Я был призван как лейтенант запаса, прослужил замкомандира роты химической защиты с декабря 1986 до начала апреля 1987 года. Рота входила в состав полка химзащиты, стоявшего в Кемеровской области, который после аварии «развернули» – наполнили офицерами и солдатами запаса, и направили в Чернобыль. Мы стояли в деревне Черемошня Иванковского района – это в тридцатикилометровой зоне. Каждый день в пять утра подъем, строимся в колонну и выезжаем. Через пару часов пути – а военная колонна идет медленно, – мы на объекте, до вечера работаем сменами. Затем несколько часов проходим через пропускной пункт, где каждую машину дезактивируют до тех пор, пока уровень загрязнения не снизится до нормы. Около девяти вечера попадали в часть, ужин, в полночь планерка, в два часа ночи – спать. А в пять утра снова подъем. И заметьте, все часы дороги и ожиданий люди проводили зимой в крытых брезентом машинах и на улице. Работали на самой станции, на вырубке «рыжего» леса. Лес порыжел еще летом, но тогда до него руки не доходили, сперва надо было сооружать саркофаг над реактором. Зимой лес начали вырубать, распиливать и закапывать.

Вы помните свои первые впечатления от чернобыльской зоны?
В.М.: Ужас от звенящей в ушах тишины деревень. Когда нас везли в часть, мы проезжали несколько деревень, где дома заколочены и население вывезено. А поскольку мы ехали зимой, на деревьях висели неубранные летом черные фрукты. Воплощенная мертвая зона.

М.А.: Правда, были старики, или, скорее, старушки, которые остались в пустых деревнях либо вернулись после эвакуации доживать свои дни и охранять нажитое от мародеров.

В.M.: Никуда не ушли собаки. Они тоже хватали радиацию и умирали. У тех, которые попадались, шерсть вылазила, как волосы у переоблученного человека. Возможно, они не чувствовали опасности, ведь радиацию не замечаешь. Те люди, у кого были вставные зубы, через некоторое время замечали сладковатый вкус на металлических коронках. Вот когда большая доза, начинается недомогание, тошнота, головные боли.

Вас это тоже коснулось?
М.А.: Обычно такими симптомами страдали те, кто только въезжал. Да, я болел. Когда нас привезли в Опачичи, буквально на второй день начались головная боль, тошнота, частое мочеиспускание, и продолжались 4-5 дней. Я попал туда стерильный, то есть свободный от радиации, и недомогание прекратилось, когда мой внутренний уровень радиации достиг внешнего.
Время пребывания человека в зоне заражения напрямую зависело от набора им допустимой дозы излучения. Это правило действительно соблюдалось?

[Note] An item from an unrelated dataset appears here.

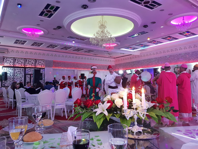 Ozdabianie henną dłoni (i ewentualnie stóp) panny młodej to tradycja tak samo popularna w Maroku jak i w Indiach, Pakistanie czy Nepalu. Zazwyczaj przyjmuje albo formę henna night, kiedy w malowaniu biorą udział także inne zaproszone na ślub kobiety, albo jest fragmentem wesela. W tym przypadku panna młoda (czyli ja) siedzi na podium na zielonej kanapie i na oczach wszystkich gości ma robione zdobienia. Po ich nałożeniu bohaterka dnia siedzi sztywno (bo szpilki nie pozwalają jej drgnąć), czekając aż henna wyschnie i eksponując dłonie, a goście podchodzą robić sobie z nią (i panem młodym) zdjęcia.

В.М.: По нормам, установленным в 1986-87 году, человеку полагалось набрать не более 25 бэр – количество, допустимое для работника атомной станции в течение года. Дальше начинались нюансы. Сегодня все ликвидаторы знают, что отмеченная у них в карточках доза не соответствует действительности. Насколько – неизвестно, поправки возможны в любую сторону. После посещения зоны радиологи снимали показания, но человеку не говорили. Учетом занималась секретная часть, которая давала распоряжения командирам, кого можно, а которого нельзя посылать на работы. Когда отправляли домой, выдавали карточку, где больше 25 бэр не писали, иначе это грозило взысканием командиру за переоблучение подчиненного и прочими неприятностями.

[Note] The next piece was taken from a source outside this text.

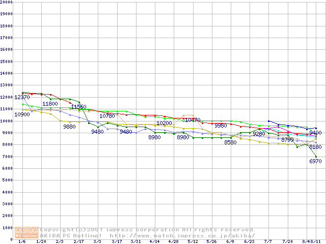 | [↑前グラフ]: | HDD 10GB~20GB未満(5,400rpmクラス)の最安値推移 |

М.А.: Не забывайте, реакция организма индивидуальна, кто-то дозу набирал за неделю, кто-то за несколько месяцев. Это зависело от места службы. Замечу, территория была заражена не сплошь, а пятнами, соответственно дозы интенсивности излучения распределялись неравномерно. Например, когда убирали остатки того, что нападало после взрыва на крышу третьего энергоблока, счет времени работ шел на минуты и секунды.

В.М.: В первые дни аварии ни у кого не было индивидуальных дозиметров. Парадокс, но во время катастрофы даже в штабе гражданской обороны атомной станции не нашлось прибора на большие дозы, как, например, армейский ДП-5. Никто не мог определить истинной картины, пока через несколько часов не приехали первые пожарные с дозиметром нужного класса. Только после этого людей со станции начали выводить, причем руководство сначала не верило, что могут быть такие дозы радиации. А когда делала облет правительственная комиссия от академии наук, академик Легасов сказал, что это страшнее Хиросимы и Нагасаки, вместе взятых.

М.А.: Авария произошла 26 апреля в 01.23 ночи, а заговорили о ней только после майских праздников. Те же соседи-киевляне были в курсе, но все считали, что ситуация не столь серьезна и все под контролем. В первые дни полной информации не было даже у руководства и специалистов. В ту ночь, когда случился пожар, вся смена – 176 человек – продолжала работать, плюс смена на промышленной площадке – 260 человек, проводивших строительно-ремонтные работы где-то в километре от эпицентра. И несколько десятков рыбаков на обводном канале и охладительном пруде станции.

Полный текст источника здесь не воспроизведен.